## WORK TO BE COMPLETED
Would you please give every entry again exactly, without the pictures?

(Stored items from a collection)
************
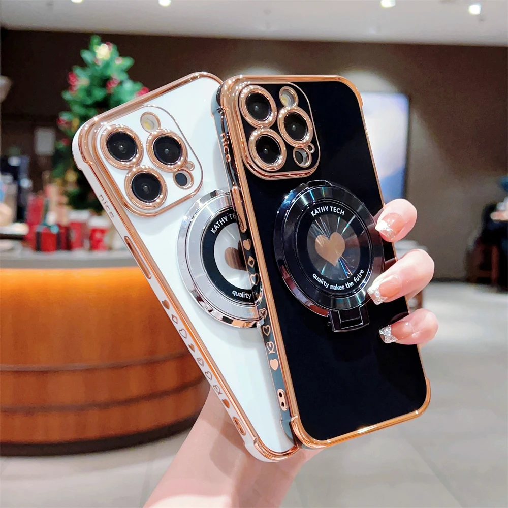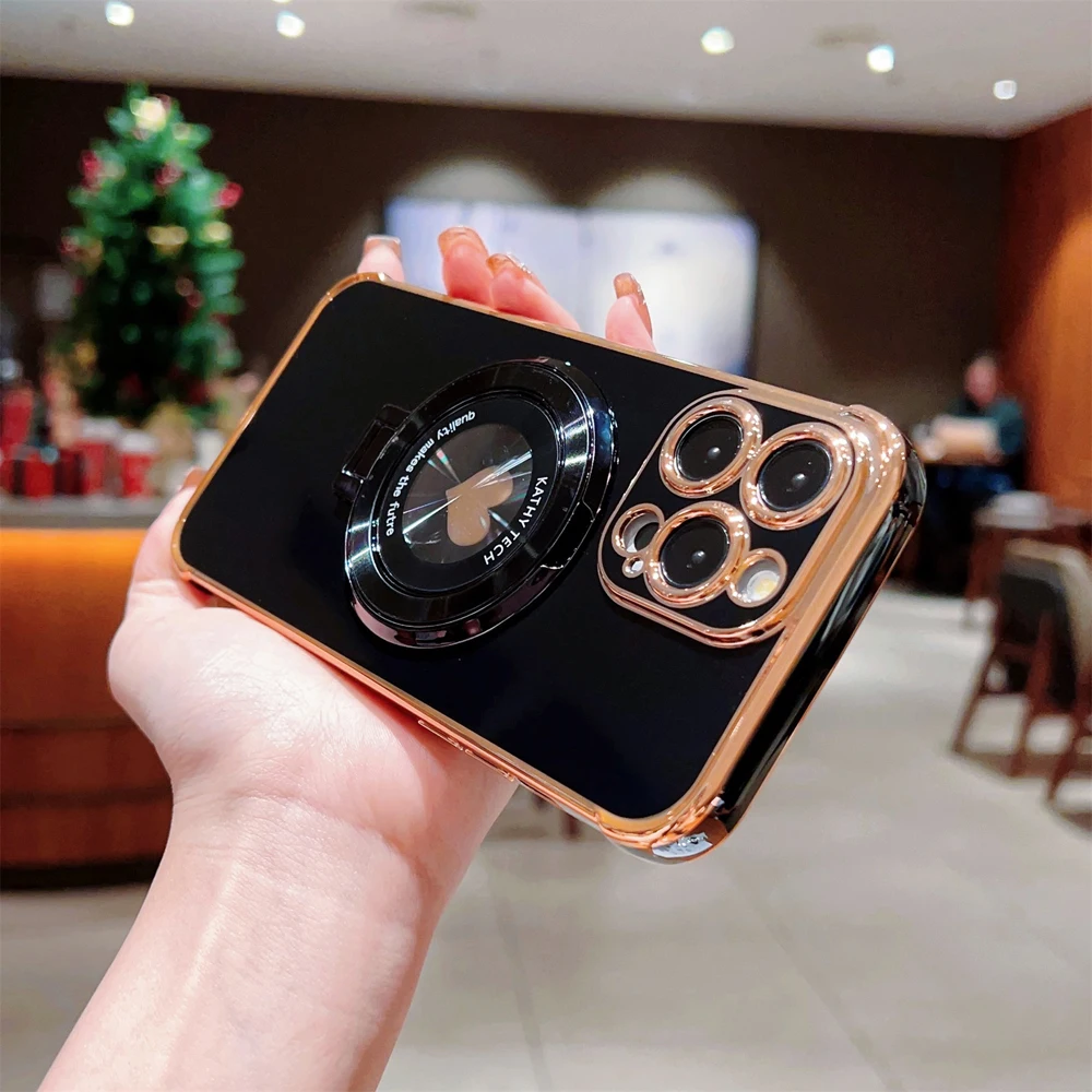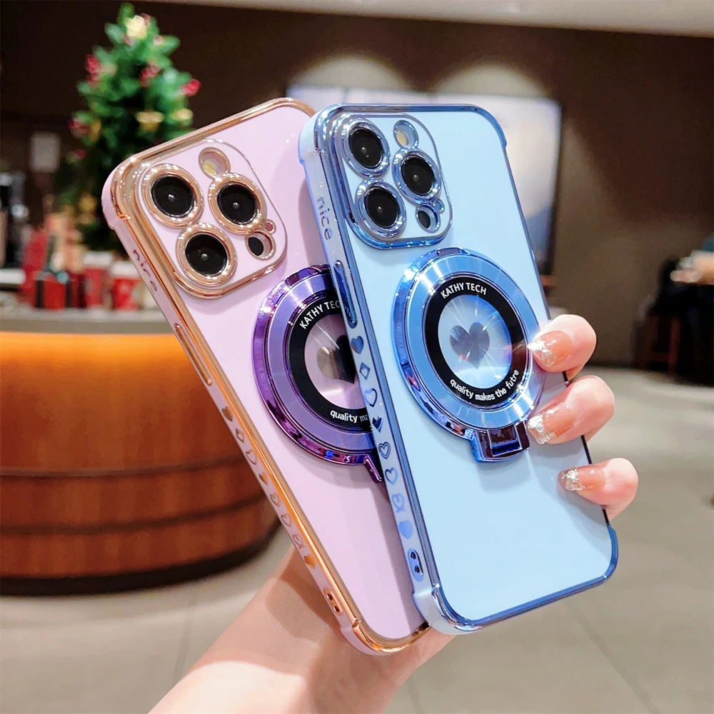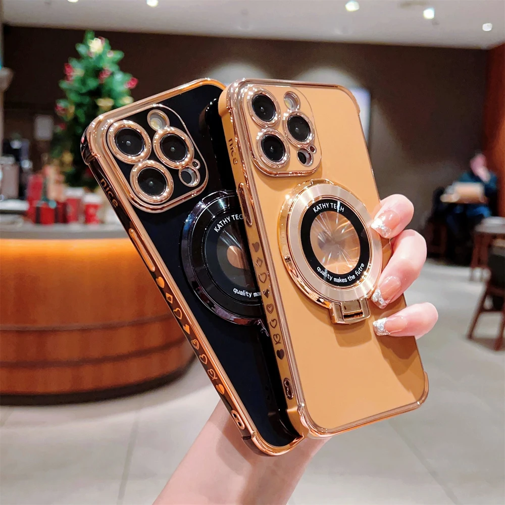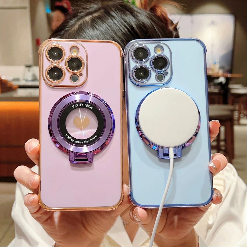 Comprar Funda de teléfono con soporte magnético Invisible para iPhone 15 Pro Max 11 12 13 14 Plus XS Max XR X 7 8 Plus, protección de cámara, cubierta suave
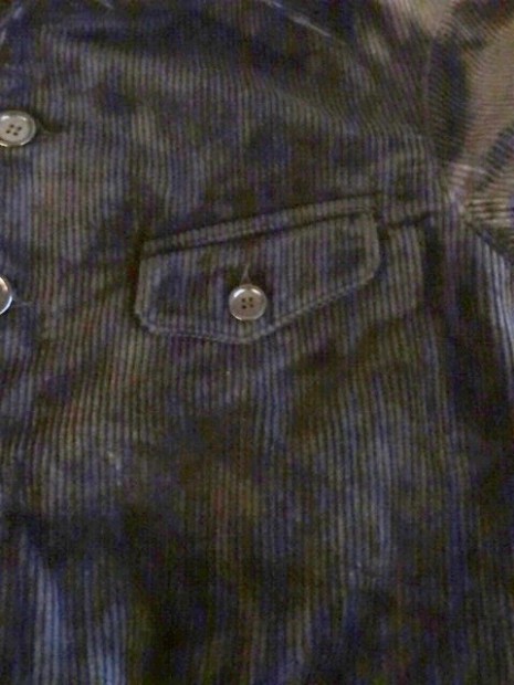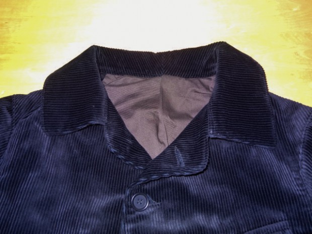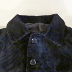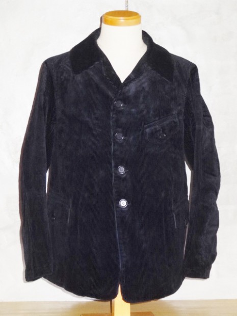 【WORKERS】 2015年年末、大阪のCockeyCrewStoreさんで買ったコーデュロイのハンティングジャケット。おそらくフランスもので、重い目の詰まったコーデュロイ。ちょっと重いけど、久しぶりにこういうがっちりした服も着てみたいと思い、正月中着ていました。確かにかっこいい!でもやっぱり重いだけじゃなく硬い!中を見てみようと解体してみると、芯やら肩パットやらいろいろな副資材が入っています。 そんな時、別品番のBoa Jacketの表生地を探している中でこの高密度コーデュロイを見つけました。「硬すぎ、重すぎてBoaJacketには向かないなぁ・・・」なんて思っている時に「そうだ、この重さ・硬さはあの古着のジャケットデザインには合うのでは?」と思い形にしました。古着で気になった硬すぎる部分、芯や肩パットは省く。ただ、らしさを残したい部分では芯を使っています。それが襟裏で、ここに別布を使うことで薄く仕上げる。でも薄い分硬さが足らないので芯を入れるのですが、久しぶりにワラ芯を使いました。現代では芯というと、接着がついていたり、それが洗うとはがれてフラシになったりといろいろ工夫されていますが、昔の洋服は単純に硬い何かを中にはさんだり、縫いこんだりしていました。キャンバスや馬の毛で作った生地、そしてワラ生地などが典型的な芯。そんな中で、今回はラフな形、素材に合わせてワラ芯を。 襟裏にギザギザステッチと、襟腰に何重にもステッチを入れ芯を止めつつ襟の形を作っています。シルエットもオリジナルを解体して取ったフロントが曲がり、前身頃肩先が倒れていく物。デザインだけでなく、形自体もオリジナルの雰囲気を再現しようとしています。 製品はノンウォッシュです。
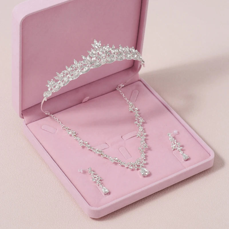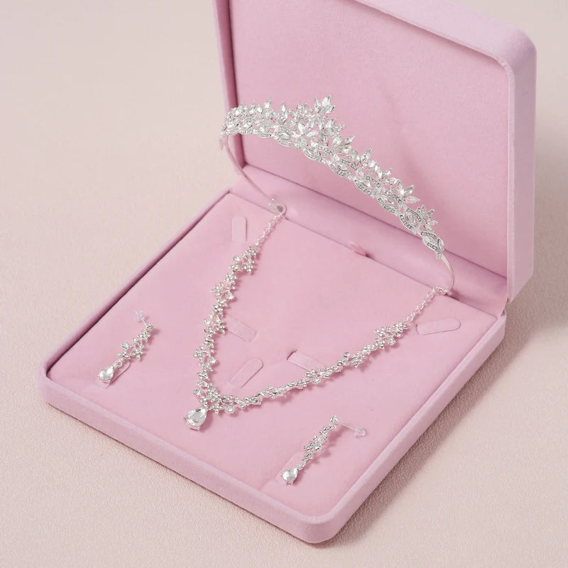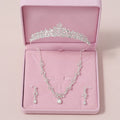 Itacazzo Bridal Headwear Set of Four Crown&Necklace&Earrings Silver-Colour Women's Classic Wedding Tiaras (Excluding Box)
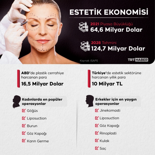 Dünyada estetik sektörünün 2021 piyasa büyüklüğü: 64,6 milyar dolar. En fazla ameliyat yapılan ülkelerin başında ise ABD ve Brezilya geliyor. Peki ülkemiz?
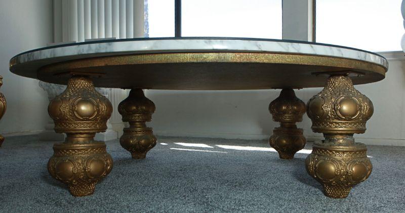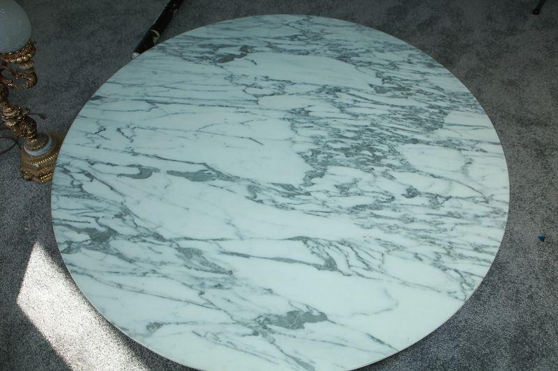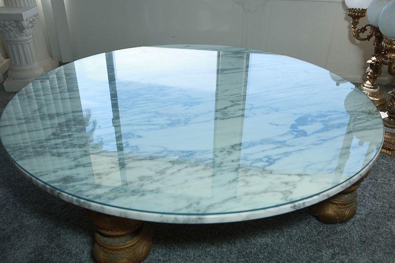 48" marble top round coffee table. Marble is white with grey veins. Piece of glass on top to protect the surface. Base is made of wood that has been painted gold. Ornate looking legs. Stands about 15" tall.
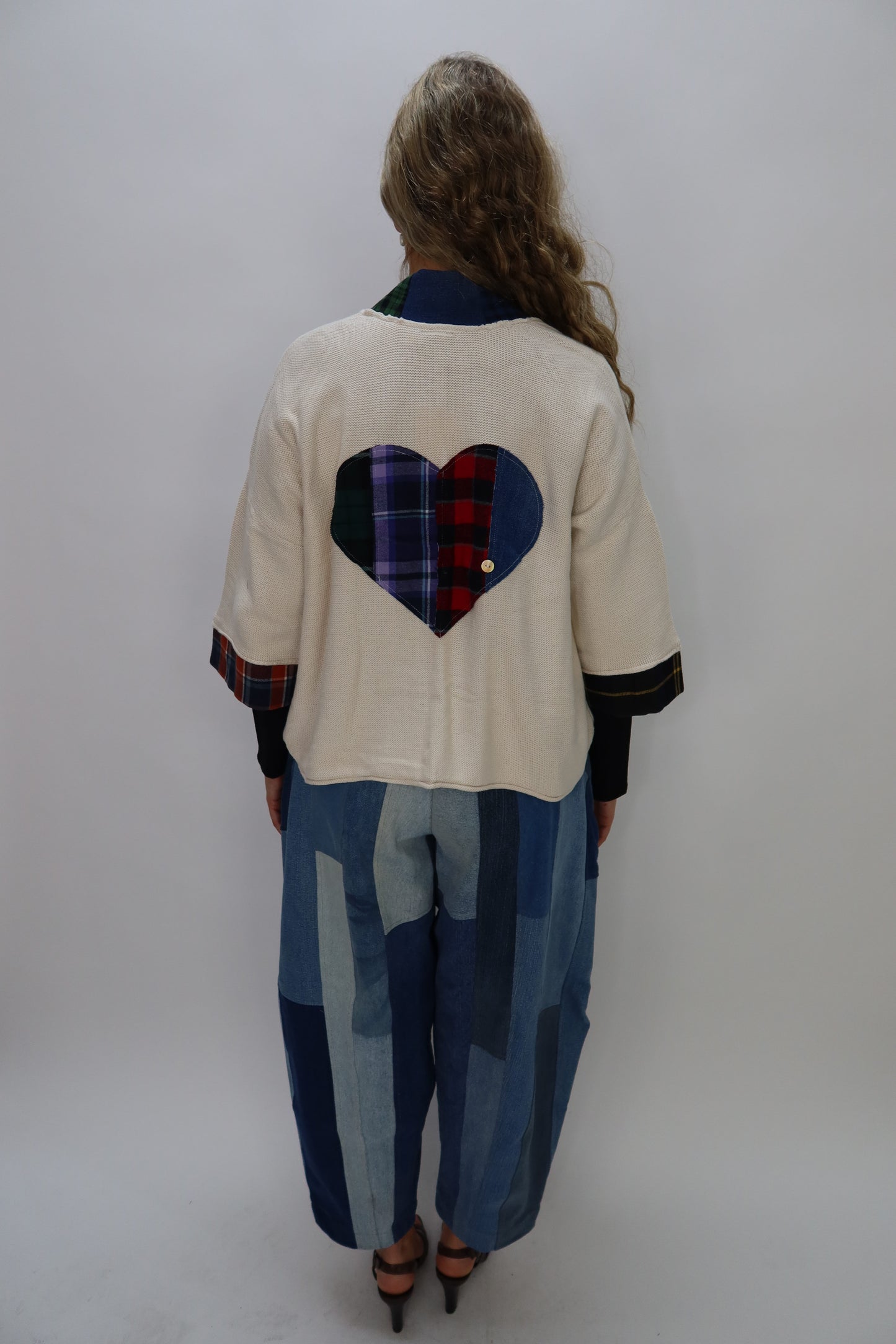 Upcycled Flannel Cream Purple Accent Heart Knit Cardigan One Size
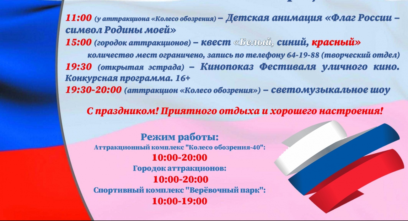 - 11:00 (у аттракциона «Колесо обозрения) — Детская анимация «Флаг России — символ Родины моей»
************
## TASK RESULT
 Comprar Funda de teléfono con soporte magnético Invisible para iPhone 15 Pro Max 11 12 13 14 Plus XS Max XR X 7 8 Plus, protección de cámara, cubierta suave
 【WORKERS】 2015年年末、大阪のCockeyCrewStoreさんで買ったコーデュロイのハンティングジャケット。おそらくフランスもので、重い目の詰まったコーデュロイ。ちょっと重いけど、久しぶりにこういうがっちりした服も着てみたいと思い、正月中着ていました。確かにかっこいい!でもやっぱり重いだけじゃなく硬い!中を見てみようと解体してみると、芯やら肩パットやらいろいろな副資材が入っています。 そんな時、別品番のBoa Jacketの表生地を探している中でこの高密度コーデュロイを見つけました。「硬すぎ、重すぎてBoaJacketには向かないなぁ・・・」なんて思っている時に「そうだ、この重さ・硬さはあの古着のジャケットデザインには合うのでは?」と思い形にしました。古着で気になった硬すぎる部分、芯や肩パットは省く。ただ、らしさを残したい部分では芯を使っています。それが襟裏で、ここに別布を使うことで薄く仕上げる。でも薄い分硬さが足らないので芯を入れるのですが、久しぶりにワラ芯を使いました。現代では芯というと、接着がついていたり、それが洗うとはがれてフラシになったりといろいろ工夫されていますが、昔の洋服は単純に硬い何かを中にはさんだり、縫いこんだりしていました。キャンバスや馬の毛で作った生地、そしてワラ生地などが典型的な芯。そんな中で、今回はラフな形、素材に合わせてワラ芯を。 襟裏にギザギザステッチと、襟腰に何重にもステッチを入れ芯を止めつつ襟の形を作っています。シルエットもオリジナルを解体して取ったフロントが曲がり、前身頃肩先が倒れていく物。デザインだけでなく、形自体もオリジナルの雰囲気を再現しようとしています。 製品はノンウォッシュです。
 Itacazzo Bridal Headwear Set of Four Crown&Necklace&Earrings Silver-Colour Women's Classic Wedding Tiaras (Excluding Box)
 Dünyada estetik sektörünün 2021 piyasa büyüklüğü: 64,6 milyar dolar. En fazla ameliyat yapılan ülkelerin başında ise ABD ve Brezilya geliyor. Peki ülkemiz?
 48" marble top round coffee table. Marble is white with grey veins. Piece of glass on top to protect the surface. Base is made of wood that has been painted gold. Ornate looking legs. Stands about 15" tall.
 Upcycled Flannel Cream Purple Accent Heart Knit Cardigan One Size
 - 11:00 (у аттракциона «Колесо обозрения) — Детская анимация «Флаг России — символ Родины моей»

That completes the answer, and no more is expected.